■ DATA RECORDS
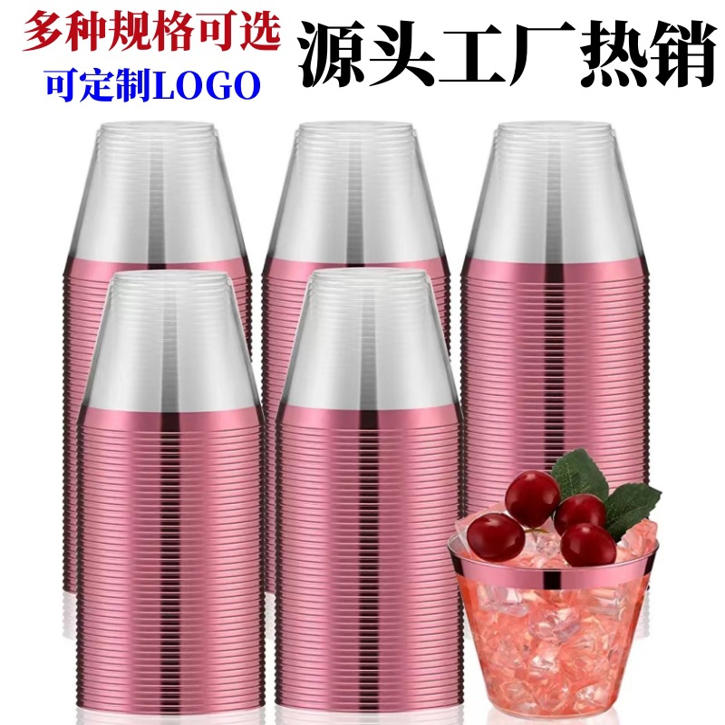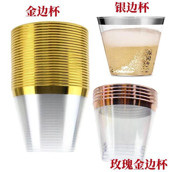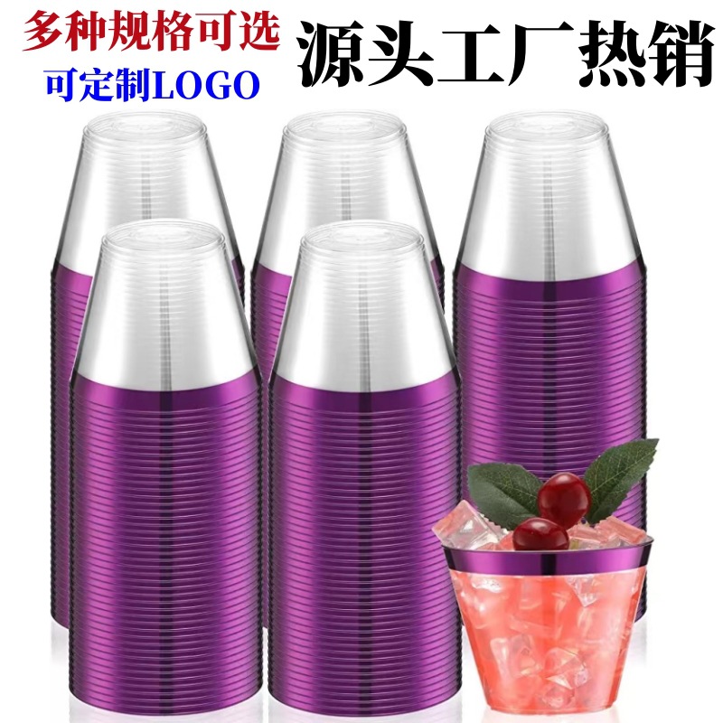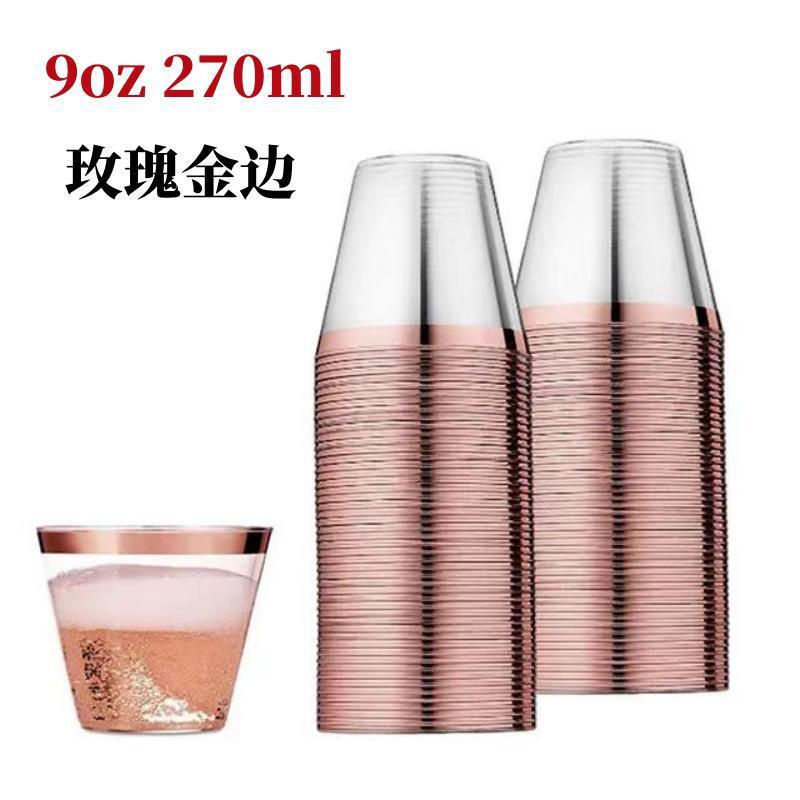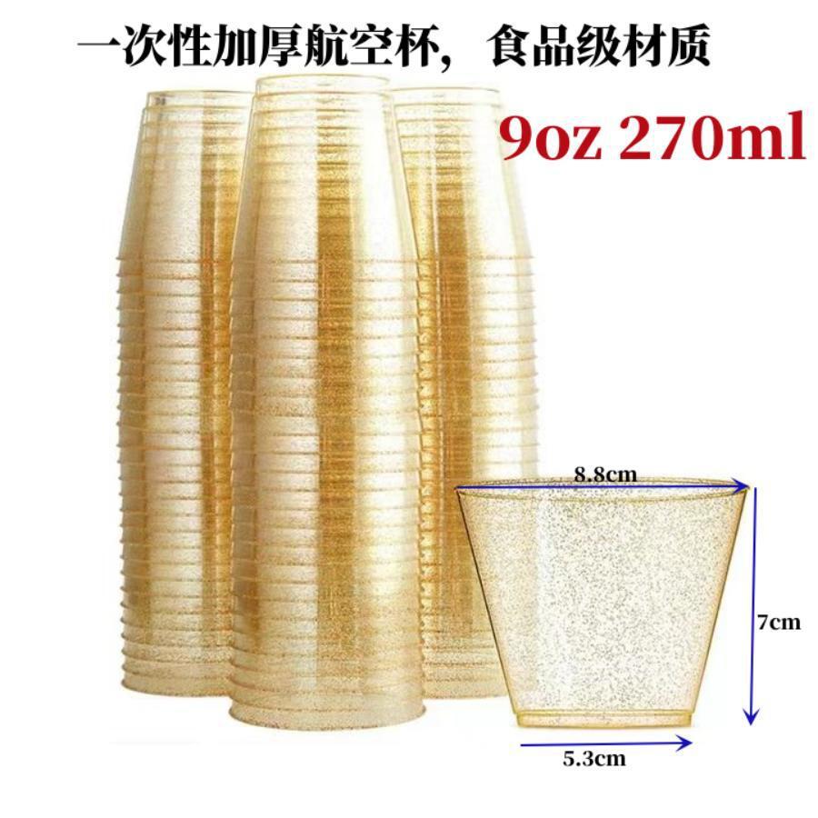 9オンス箔押し航空コップ丸口ウイスキー金色杯国境を越えた使い捨てプラスチックカップ
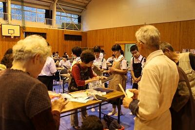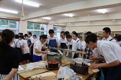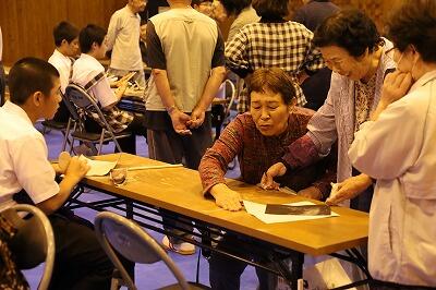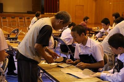 14日(金)に、これから学園生との交流会が行われました。これから学園は、本村の寿会(敬老会)に所属している方々を中心に構成されています。活動内容として、児童生徒との世代を超えた交流などがあり、今回は、本校の生徒と一緒になって杓文字を制作しました。一枚の板から杓文字の型をとり、のこぎりで切り取ります。それを、カンナや紙やすりなどを使ってきれいに仕上げていき、最後に、くぬぎ地蔵の刻印を押して完成です。生徒は、制作の過程で、これから学園生の方々との会話を通して、交流の和を深めることができたようです。世界に一つしかない杓文字、いつまでも大切に使ってほしいと思います。学園生の皆様、大変お世話になりました。ありがとうございました。
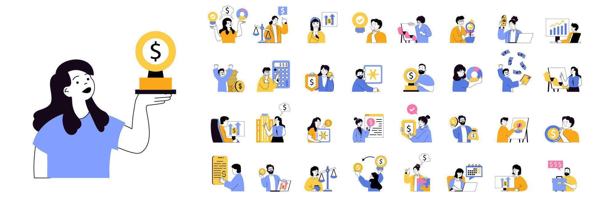 Business concept mega set with character scenes in flat design for web. Bundle situations with people achieving financial goals, making data analysis, managing work processes. illustrations. Pro Vector
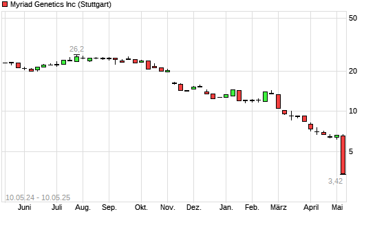 Mit dem Rücksetzer auf 3,54 EUR hat die Myriad Genetics-Aktie (ISIN US62855J1043) am 09.05.2025 ein neues 10-Jahres-Tief erreicht und damit den Kurs vom 08.05.2025 eingestellt.
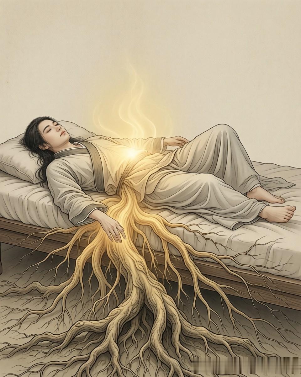 · 这里头的门道:紧张焦虑时,气是往上浮的。这个姿势和观想,是在物理和心理上双重引导 “气沉丹田” 。根扎稳了,神就稳了,那些飘忽的念头自然就少了。
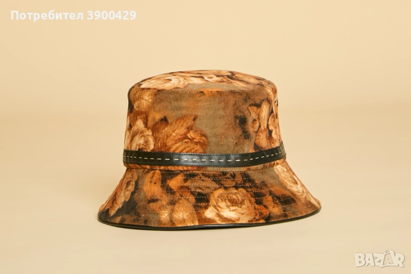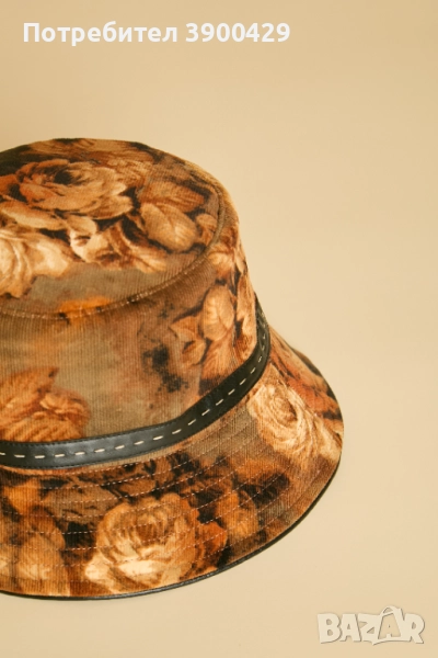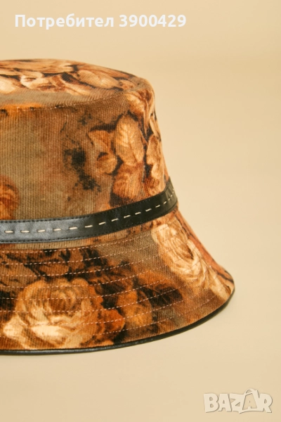 Класическа и елегантна, шапката - Bucket е изработена от памучно кадифе с красива есенна щампа.
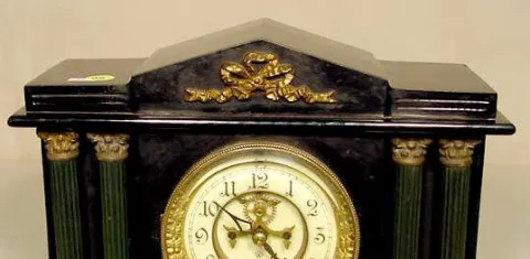 Last Pat. 1882; open escapement; porcelain dial. (Minor finial chips & losses; needs a new pendulum hanger.) Not running. 11 3/4" T x 14 3/4" W ...
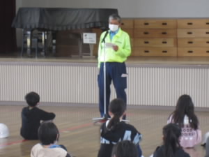 5,6年のお友だちの交通安全教室は、例年と内容を変えて学年ごとに、警察の方と安全協会の方から、お話をお聴きしました。

■ TASK TO CARRY OUT
Locate "Класическа и елегантна, шапката" in the listing above, then print exactly the lines from that line through the final one, omitting all pictures.

■ ANSWER SECTION
 Класическа и елегантна, шапката - Bucket е изработена от памучно кадифе с красива есенна щампа.
 Last Pat. 1882; open escapement; porcelain dial. (Minor finial chips & losses; needs a new pendulum hanger.) Not running. 11 3/4" T x 14 3/4" W ...
 5,6年のお友だちの交通安全教室は、例年と内容を変えて学年ごとに、警察の方と安全協会の方から、お話をお聴きしました。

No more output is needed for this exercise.